The only warrior in the mix—the only one with what is traditionally considered masculine power—is Meera, the woman. So it's not surprising that one of the first orders of business for the current lords of Craster's Keep is to rape her: to objectify her and degrade her, to take away her power. Karl (Burn Gorman) intentionally demeans her, rewriting her narrative, placing her into a simplistic semantic context he can understand. "What's a pretty little highborn girl like you doing out here?" he asks her. "You left your daddy's castle looking for trouble, didn't you? No pretty dresses for you. You like it rough."

It is interesting, too, that Jojen comes to her defense, not with manly force but with words, with diplomacy and guile. Whether these more "feminine" weapons would have been enough by themselves, we don't know, but he at least manages to stall Karl long enough to save his sister. The Night's Watch arrives, and much fighting ensues. (Director Michelle MacClaren films these scenes expertly, in a way that captures all the manly violence without glorifying it.) Jon confronts Karl, and is on the verge of losing—but he is saved by a woman (Jane McGrath), one of Craster's daughters, who stabs Karl in the back and gives Jon the opportunity to kill him. (There's probably a sexual metaphor to be discussed in the sword Jon shoves through Karl's mouth—as there is in the dagger Karl shoves in Jojen's face while explaining how he's going to rape Meera—but I'll leave you to sort that out on your own.) "Are you alright?" Jon asks the woman, and she doesn't answer, just looks at him with an expression of fear and sadness and pain that he can't possibly understand: of course she's not alright.

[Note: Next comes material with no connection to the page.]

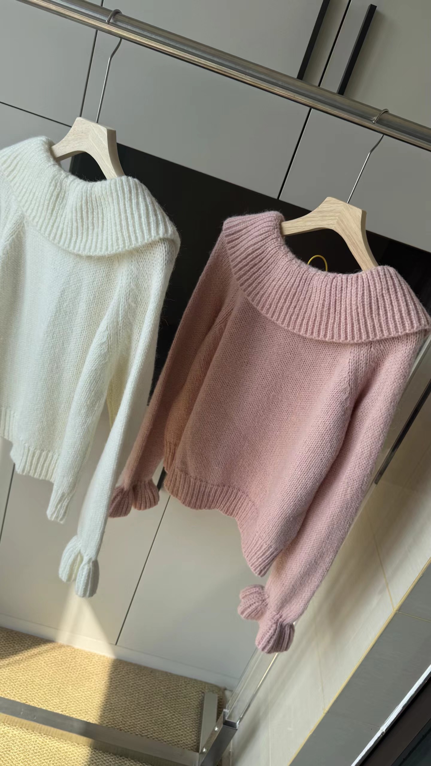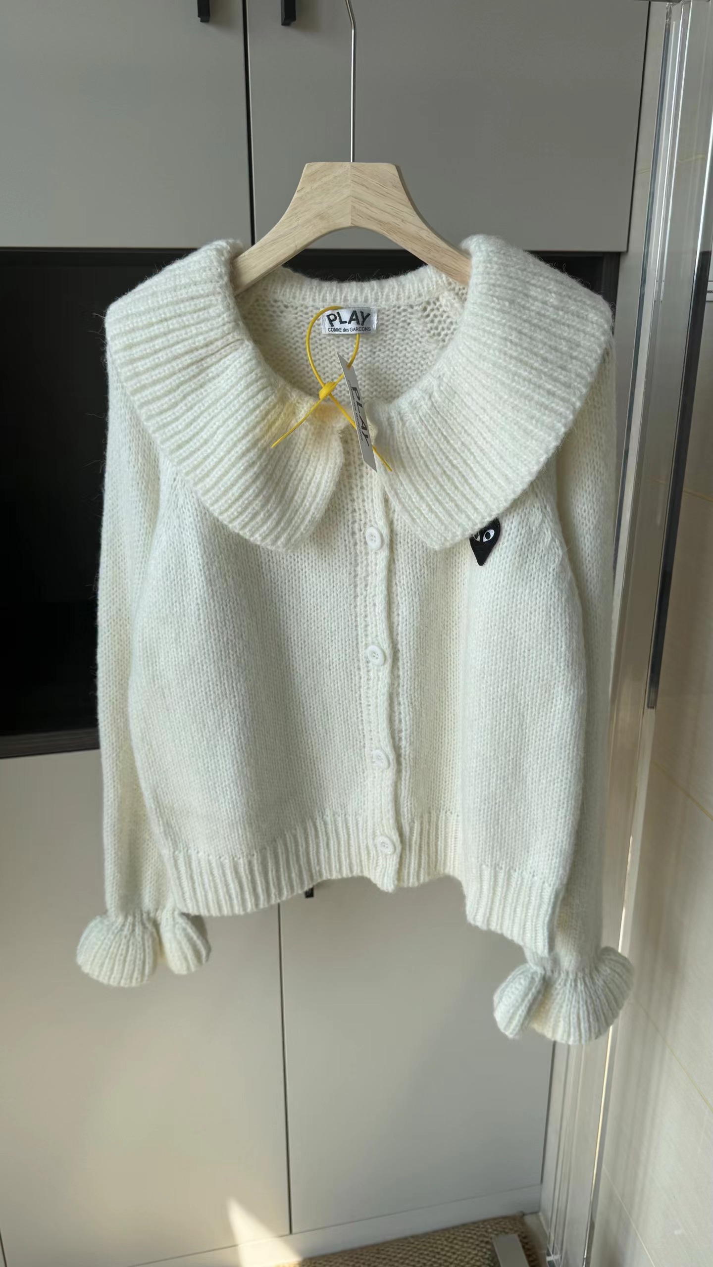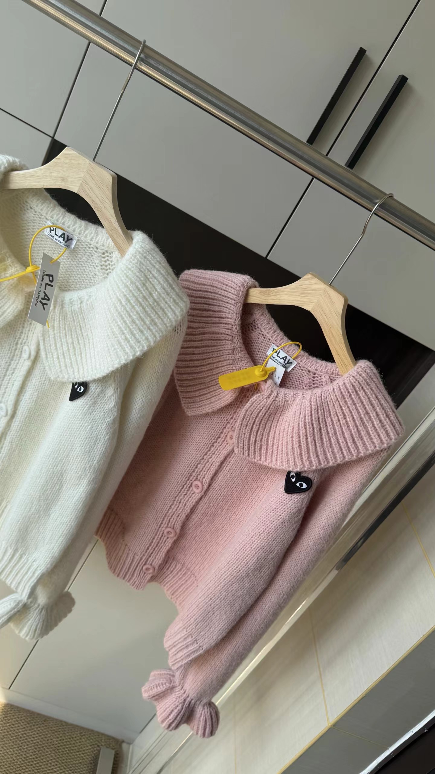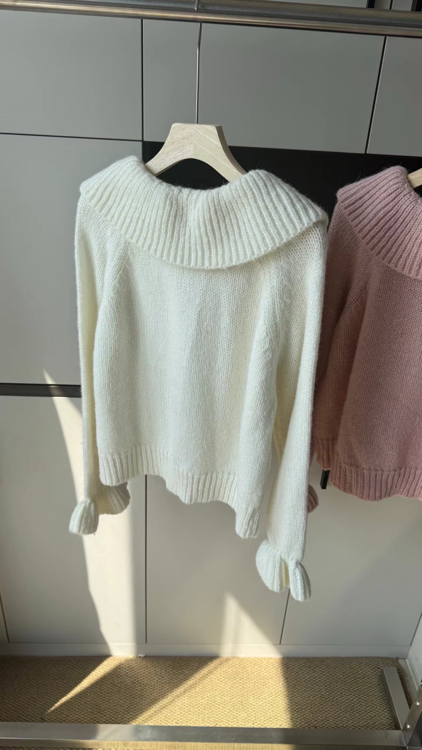 大翻领针织开衫温柔甜美的日系少女风,软糯的色调与版型自带慵懒氛围感,适配约会、通勤、日常出街等多种场景柔和的浅粉色调,低饱和度不挑皮,自带减龄效果。大翻领设计是亮点,宽边针织领型修饰脖颈线条,同时增添复古感与层次感。 宽松落肩版型,对身材包容性强,弱化肩线,营造随性慵懒的氛围。 单排纽扣开合,方便穿脱,也可半开穿着打造随性造型。袖口采用喇叭褶皱设计,增加了甜美感与灵动性,修饰手臂线条。下摆为微短款设计,搭配高腰下装能优化身材比例,显高显瘦。左胸位置点缀黑色爱心刺绣小标,提升了单品辨识度,增添俏皮感。粗针织面料,纹理清晰可见,触感柔软蓬松,保暖性与舒适度俱佳,适合秋冬季节。面料带有轻微空气感,上身轻盈不臃肿,能自然呈现柔和垂坠感

Significantly, the episode ends with two choices. The Night's Watch are good men doing manly things, but both Bran's group and Craster's daughters must ultimately decide to turn away from them. Bran longs to be reunited with his brother, but his path lies in a different direction, into the mysteries of nature and the company of his nontraditional cohorts. And Craster's daughters have had enough, understandably, of the world of men. "Meaning all respect, Ser Crow," Morag Craster (Dierdre Monaghan) says, "Craster beat us, and worse. Your brother Crows beat us, and worse." They are happy to see Craster's Keep burn to the ground—this symbol of masculine power eradicated—but they have no intention of going to yet another place where they'll have to rely on men. They make the choice all woman in this world need to make, to find their agency and autonomy, to claim power of their own: "We'll find our own way."

Crasters-Daughters

Additional Thoughts and Favorite Bits

  • A thousand apologies for the extreme lateness of this post: the requirements of my real job set me seriously behind schedule this week, and then this post took me longer than I'd anticipated. (Frankly, I'd like to spend even longer on it—since I feel I've sort of flailed wildly at a topic that requires more thoughtful discussion—but then my schedule would never recover.)
  • I mostly skipped over Brienne and Podrick (Daniel Portman), due to time constraints. I think the dynamics here are pretty self-explanatory, but what I find interesting is that it appears to be a straightforward switching of traditional gender roles, but where they finally meet is on a middle ground between those roles, recognizing that both of them are more complicated than they appear.
  • Lena Headley is sorely underrated; this episode gave her an opportunity to play more emotional range and depth than Cersei usually demonstrates, and Headley more than rose to the challenge.
  • Arya not only promising to kill the Hound, but actually trying to do it? She may have gotten knocked on her ass for it, but damn, the girl's got guts. (Plus, you try to do a one-handed cartwheel while holding a fencing sword. No, on second thought, don't.)
  • God bless whoever made the decision not to show a sex scene between Littlefinger and Lysa: hearing it was quite bad enough, thank you.